Climate change action remains one of the greatest health opportunities of the 21st century

Tafadzwa Mahbhaudi

According to the report, the global momentum for climate change action is already delivering associated health and economic benefits. An increased shift away from coal, particularly in wealthy countries, prevented an estimated 160,000 premature deaths yearly between 2010 and 2022, due to fine particulate (PM2.5) air pollution from burning fossil fuels. The share of electricity generated by modern renewables reached a record-high 12% in 2022, with the clean energy transition generating healthier, more sustainable jobs. Globally, over 16 million people worked directly or indirectly in renewables in 2023 (up 18.3% from 2022). 

As Professor Tafadzwa Mahbhaudi, Director of the Lancet Countdown Africa explained, “Climate change action remains one of the greatest health opportunities of the 21st century, also driving development, spurring innovation, creating jobs, and reducing energy poverty.
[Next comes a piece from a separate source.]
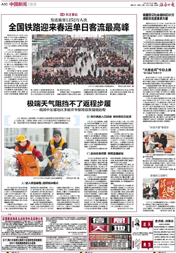 | 海南日报 中国新闻综合 010 2019-02-111 2019年02月11日 星期一 |

Realising the myriad benefits of a health-centred response requires unlocking so-far untapped opportunities to mitigate climate change and build resilience to the impacts already being felt.”  

As Professor Anthony Costello, Co-Chair of the Lancet Countdown warned, “As a rising number of world leaders threaten to reverse the little progress to date, urgent efforts are needed at every level and in every sector to both deliver and demand accelerated action that will yield immediate health benefits. As some governments uphold an unsustainable, unhealthy and ultimately unliveable status quo, people around the world are paying the ultimate price. We have to build on the momentum we have seen from local action: Delivering health-protective, equitable, and just transition requires all hands on deck.”